The contexts which enable us to 'recognise' or understand speech — and, crucially, enable us to continue doing this when some of the signal is obscured by extraneous noise — include everything from the thematic (an expectation of the sort of language which might be used in a particular situation), to the physical (the gestures and lip movement of the speaker), and much else besides. The work of Coleman and Hawkins (e.g. Hawkins, 2003; Heinrich & Hawkins, 2009; Coleman, 2003) amongst others, have indicated how we should be considering these contexts on a much more detailed level as well. The quality of a vowel sound alters according to the consonants that precede and follow it: Figures 1a and 1b in the paper under review happen to provide a good example of this. Speak the words 'really' and 'release' to yourself, and you will note the subtle difference in the vowel sound of the first syllable. Not only that, but these vowel sound changes can be detected even when the phonetic differences are not local to the vowel sound in question (Coleman, 2003).

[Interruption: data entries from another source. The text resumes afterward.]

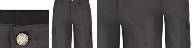 • Welt back pockets and pleated cargo pockets with hidden snaps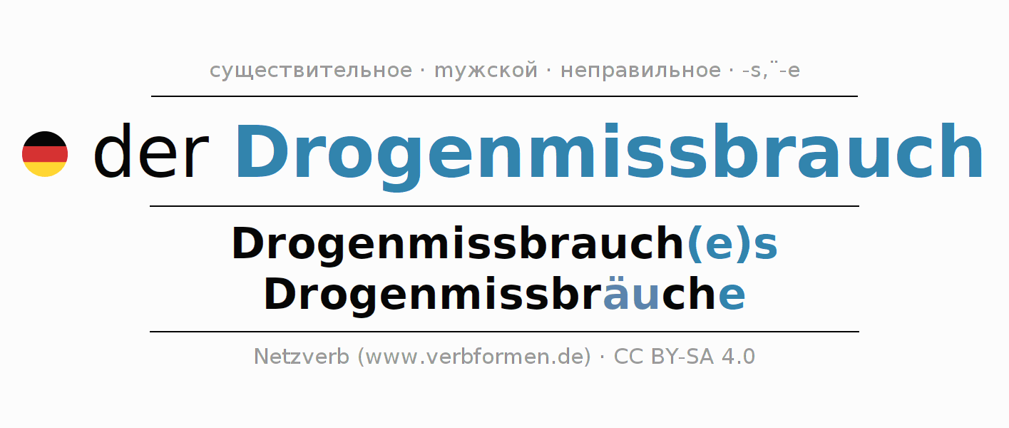 - Множественное число: die Drogenmissbräuche, der Drogenmissbräuche, den Drogenmissbräuchen, die Drogenmissbräuche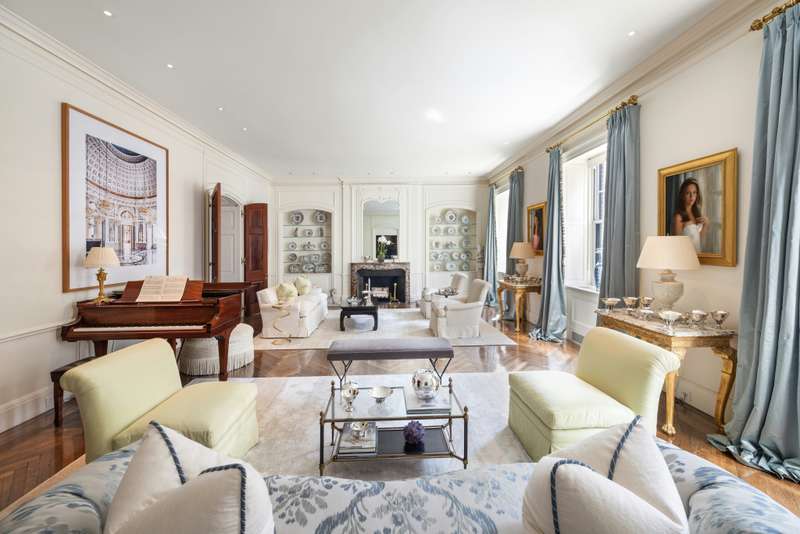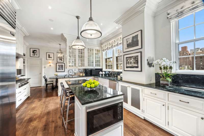 Designed by renowned architect Rosario Candela, the residence offers grand scale rooms with a gracious layout accentuated by magnificent ; architectural elements. ; A sweeping 23-foot gallery opens onto a sprawling 31 x 20 ft. living room with a woodburning fireplace and three large windows overlooking Park Avenue. The home's soaring 11 ft. ; ceilings are enhanced by beautiful traditional moldings throughout, ; and restored herringbone flooring may be found in all of the public rooms. Adjacent to the living room, there is a handsome paneled library with a wood-burning fireplace ; that also faces the Avenue. A powder room may also be found off the gallery. At the opposite end of the gallery is an elegant 25-foot formal dining room with a fireplace, ; a separate dry bar and a closet for china and stemware storage. ; ; The dining room has open views to the east. ; ;A modern and impressive ; Chef's eat-in-kitchen ; with four large windows overlooking townhouse gardens may be found along the Eastern wing of the home. The enormous 28 x 13 ft. kitchen has top-of- the line appliances, ample counter space, and custom cabinetry. ; ;The bright and open views over townhouses and gardens to the east make it one of the best eat-in-kitchens on Park Avenue.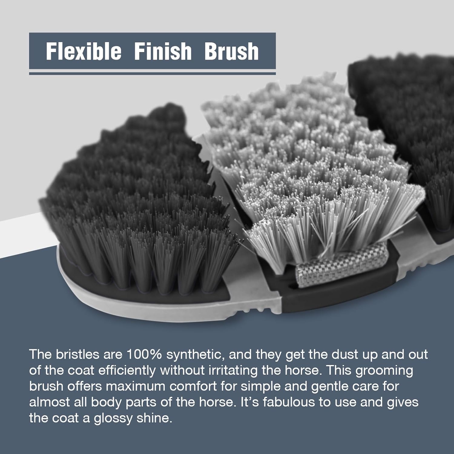 • Flexible: Two flexible joints allow the brush to bend and fit the contours of the horse’s body whilst flexing to fit the movement of your hand.

The 'extraneous noise' referred to above may take the form of background babble, machine noise or a sudden alarm; in the case of music, it might be of the more harmonious kind — a piano accompaniment, or voices a cappella. It is rare that we have the opportunity to communicate in an entirely noise-free environment; and observations of word intelligibility made by speech scientists working with background noise point to a situation of such bewildering variability, that it encourages an even stronger belief in the power of context, on all levels from the phonetic upwards, as a means of understanding speech (Wang & Bilger, 1973). The resources we bring to bear on a speech signal are multi-modal and include the processing not just of phonetic details, but of patterns of pitch and rhythm in the speech signal to which we are listening. In short, we make use of every type of information we can get.

Nevertheless, it is worth considering to what extent these observations, which refer to speech, can be translated into the study of sung text; and one of the many illuminating aspects about the paper under consideration is its use of a methodology that examines the two side by side. For music more or less obliterates those pitch and rhythmic patterns which make speech so predictable, replacing them by pitches and rhythms which — however pleasing — are more uniform and far less nuanced. In the process, vowels sounds are distorted and consonants often suppressed. A classical singer in the Conservatoire tradition will invariably be taught to prioritise melodic line over textual clarity, and supplant the vowel sounds of normal speech with those most resonant for a particular pitch.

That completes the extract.